Ellerin sabun ve suyla en az 20 saniye boyunca yıkanması gerektiğini belirten Tunca, "Avuç içleri, elin sırtı, parmak ortaları, tırnak tabanları ve bilekler sabunla uygunca ovulmalı, akabinde suyla durulanmalıdır. En sık yapılan kusurlar; sabun kullanmadan yıkamak, süreyi kısa tutmak, tırnak tabanlarını ihmal etmek ve eller yıkandıktan sonra tekrar kirli yüzeylere temas etmektir" tabirlerini kullandı.
Suya ve sabuna ulaşmak mümkünse öncelikli olarak klasik el yıkama usulünün tercih edilmesi gerektiğini lisana getiren Tunca, "Su bulunmayan ortamlarda ise en az yüzde 60 alkol içeren el antiseptikleri kullanılabilir.

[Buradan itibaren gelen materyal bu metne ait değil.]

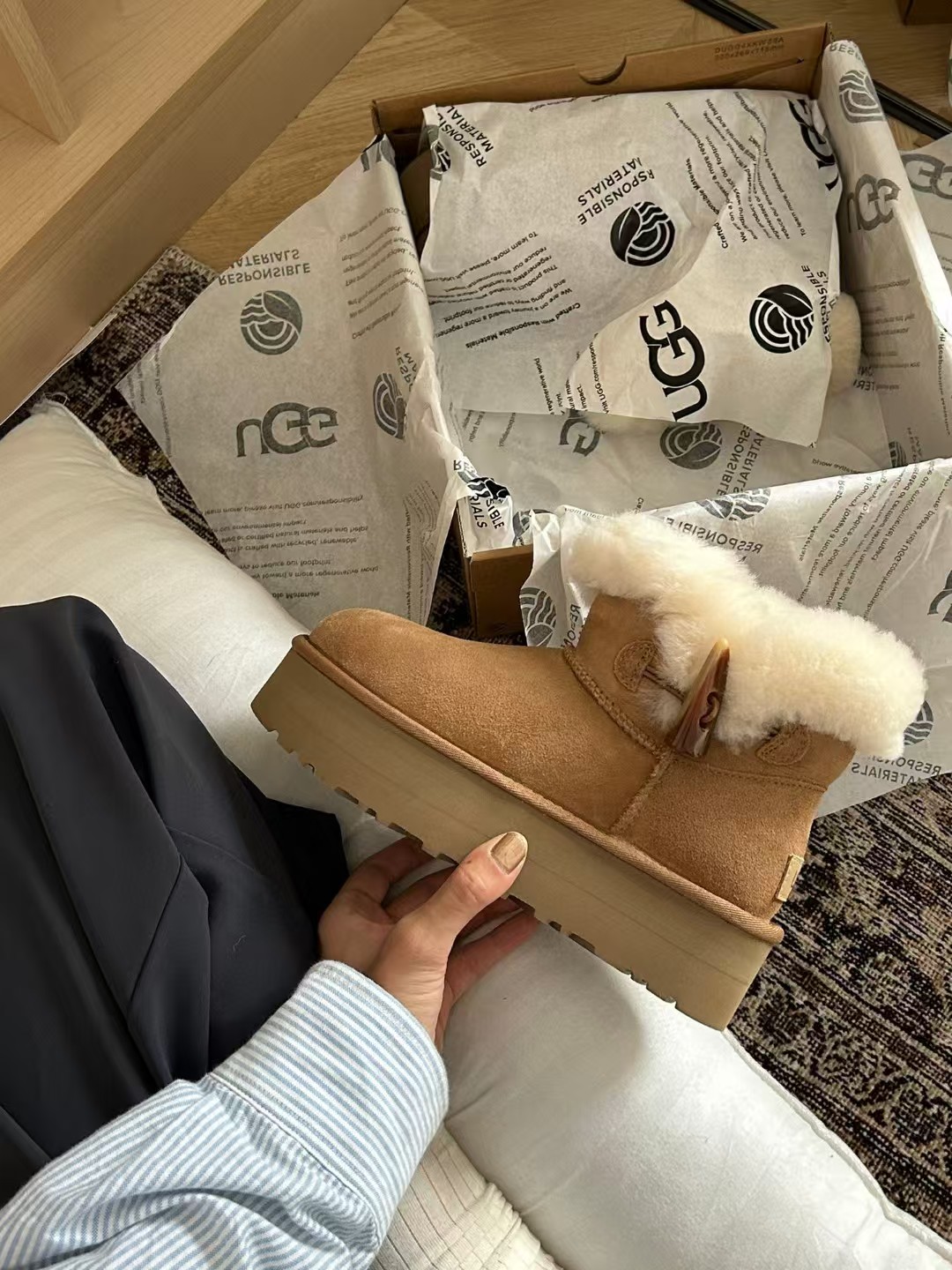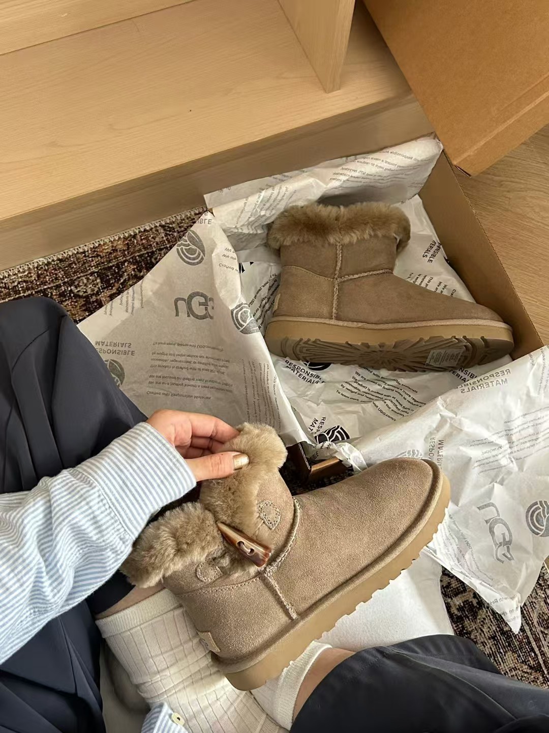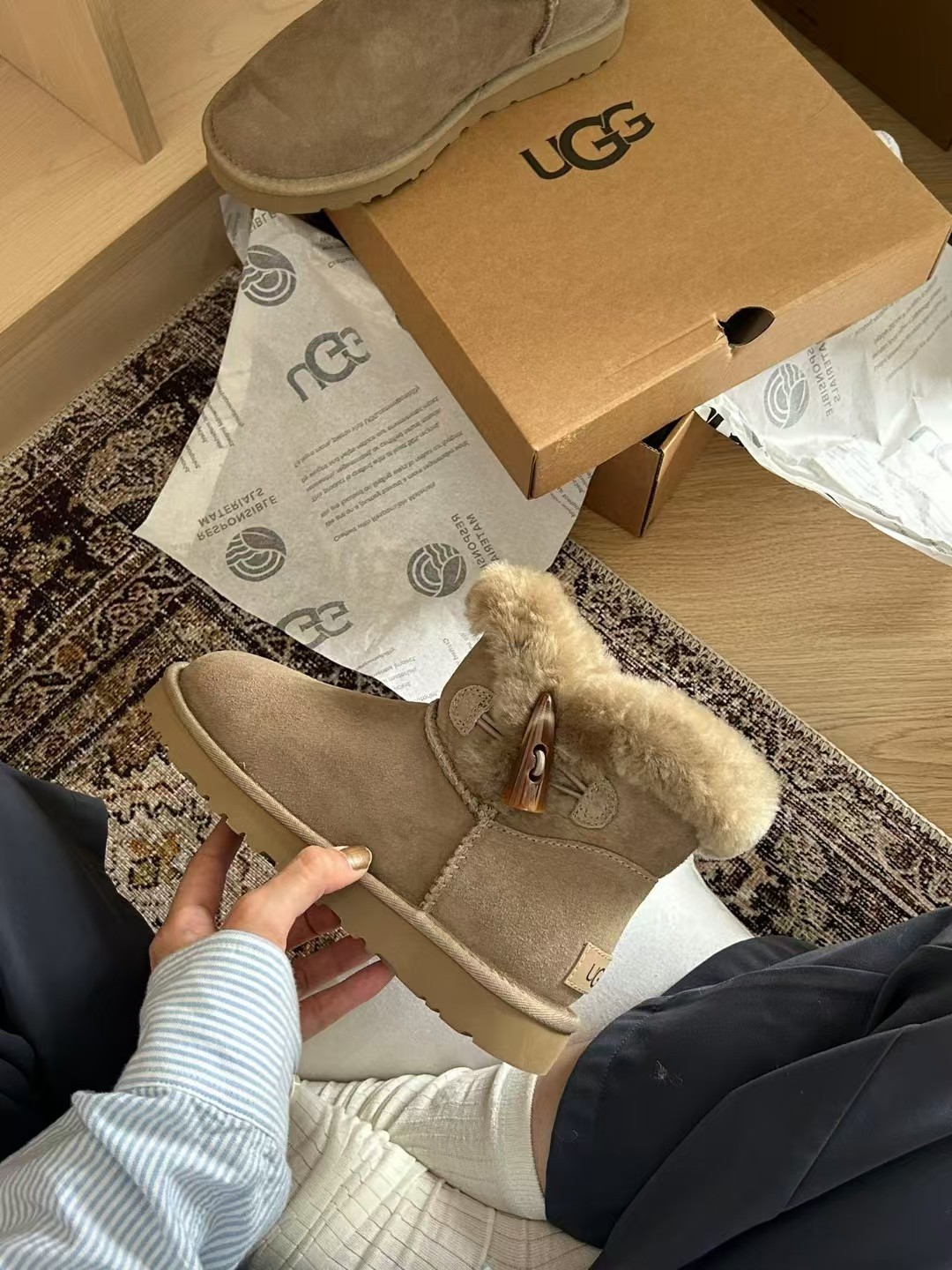 UGG牛角扣一粒雪地靴~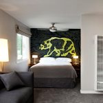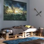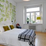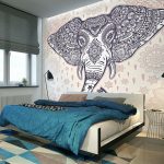 Naudingi patarimai! Jei projektuojant kambarį sienai virš lovos dekoruoti naudojamas piešinys, nėra prasmės rinktis per tankius tapetus, nes šioje vietoje žalos rizika yra minimali. Vienintelė išimtis yra fototapetų klijavimas virš vaiko lovos, šiuo atveju geriau nusipirkti plaunamų variantų. Storesnes drobes taip pat reikėtų rinktis butui, kuriame yra apsikabinę augintiniai.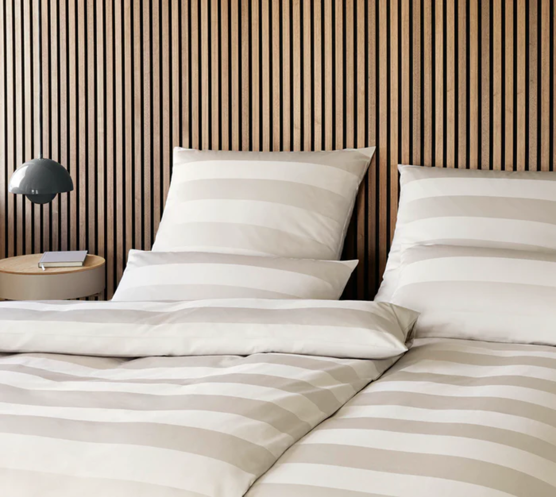 Geef je slaapkamer een stijlvolle upgrade met het En Bloc Jacquard beddengoed. Het fijn geweven blokstreeppatroon van hoogwaardig mako-satijn brengt rust en elegantie in je huis. Het gladde, zijdeachtige oppervlak zorgt voor een bijzonder aangenaam gevoel op de huid - perfect voor rustgevende nachten.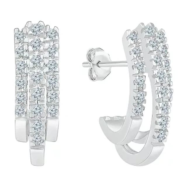 Womens 1/2 CT. T.W. Lab Grown White Diamond Sterling Silver 11.1mm Hoop Earrings

Lakin eller görünür formda kirliyse dezenfektan tesirli değildir, kesinlikle sabunla yıkanmalıdır" dedi.

"Çocuklar, yaşlılar ve kronik hastalığı olan bireyler için önemli sıhhat riskleri oluşturur"
El hijyenine dikkat edilmemesinin toplum sıhhati açısından risklerine değinen Tunca, "El hijyenine dikkat edilmemesi, toplu hayat alanlarında enfeksiyonların süratle yayılmasına neden olur. Bilhassa okul, hastane ve toplu taşıma üzere ortamlarda mikroorganizmalar basitçe elden ele taşınır. Bu durum çocuklar, yaşlılar ve kronik hastalığı olan bireyler için önemli sıhhat riskleri oluşturur. Toplum genelinde el yıkama alışkanlığı kazandırıldığında bulaşıcı hastalıkların kıymetli bir kısmı önlenebilir" biçiminde konuştu.
Toplumun el yıkama farkındalığını artırmak için eğitim çalışmalarının gerekli olduğunun altını çizen Dr. Tunca, "Özellikle çocuklara küçük yaşta gerçek el yıkama alışkanlığı kazandırılmalı, okullarda ve sıhhat kurumlarında bu mevzu daima hatırlatılmalıdır. 15 Ekim Dünya El Yıkama Günü bu şuuru tazelemek için kıymetli bir fırsattır" dedi.